*** Source data ***

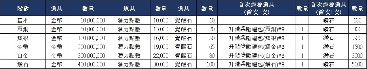 - 活動內容:獲得通行證道具後,可根據通行證等級獲得獎勵
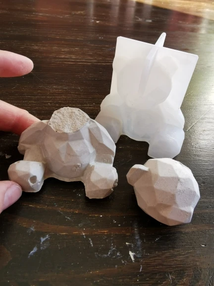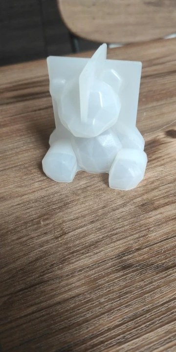 Форма очень неудачная. Силикон жёсткий, совершенно не растягивается. Никак не получатся вынуть целую фигурку, голова всегда отламывается и вынуть её оттуда очень трудно. Попыталась разрезать форму, чтобы удобнее было вынимать, но тоже не помогло, силикон тонкий, рыхлый, форму не держит, всё вытекает.
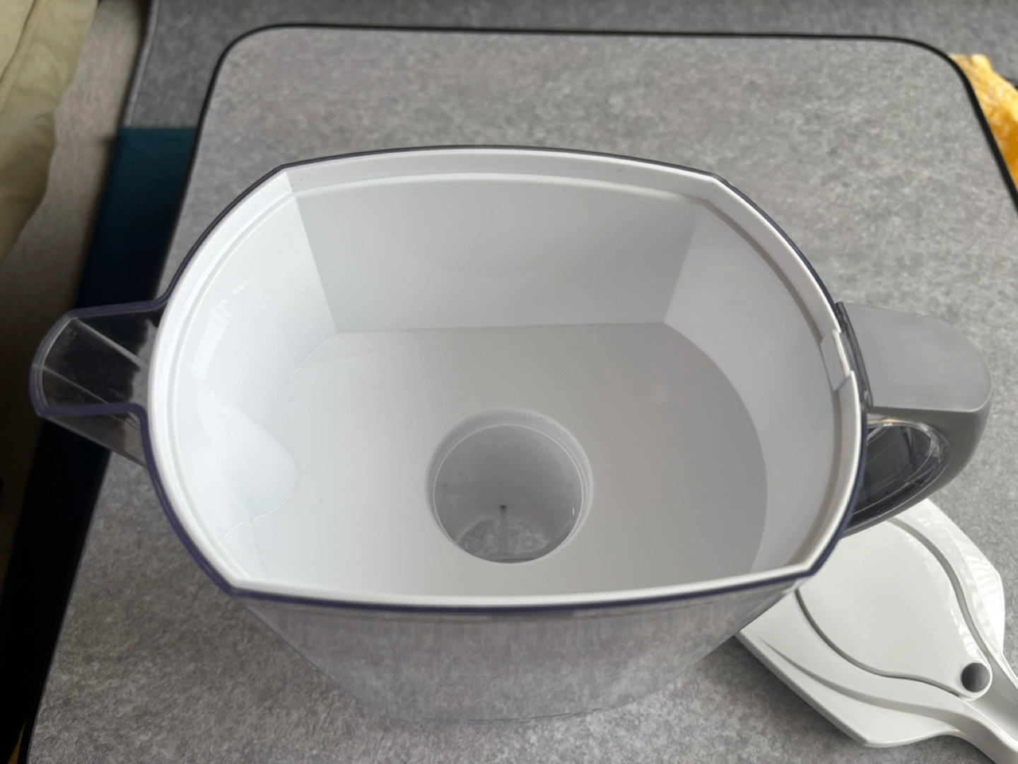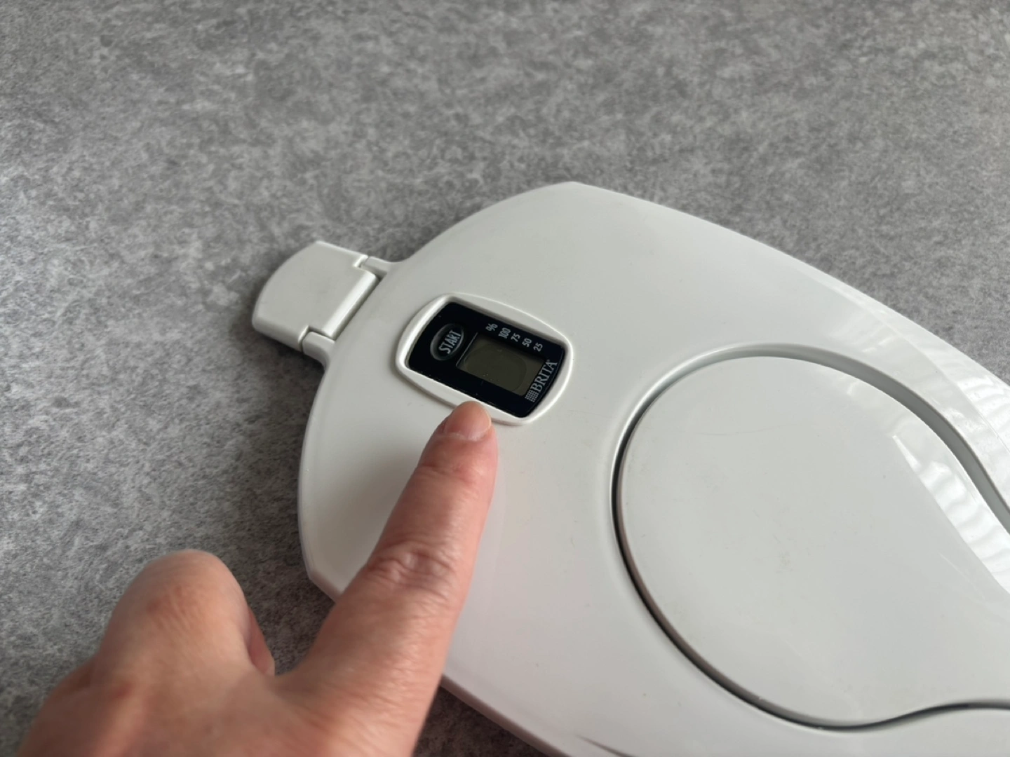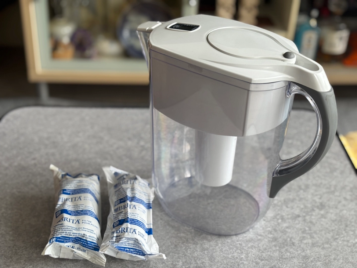 Brita water filter pitcher. Includes two replacement filters. Minor surface scratches. Digital filter indicator doesn’t work.

***

What to produce: Keep the pictures out of your copy. Copy only the lines from the line that holds "Форма очень неудачная." through the last line of the listing above, both included.

Task output:
 Форма очень неудачная. Силикон жёсткий, совершенно не растягивается. Никак не получатся вынуть целую фигурку, голова всегда отламывается и вынуть её оттуда очень трудно. Попыталась разрезать форму, чтобы удобнее было вынимать, но тоже не помогло, силикон тонкий, рыхлый, форму не держит, всё вытекает.
 Brita water filter pitcher. Includes two replacement filters. Minor surface scratches. Digital filter indicator doesn’t work.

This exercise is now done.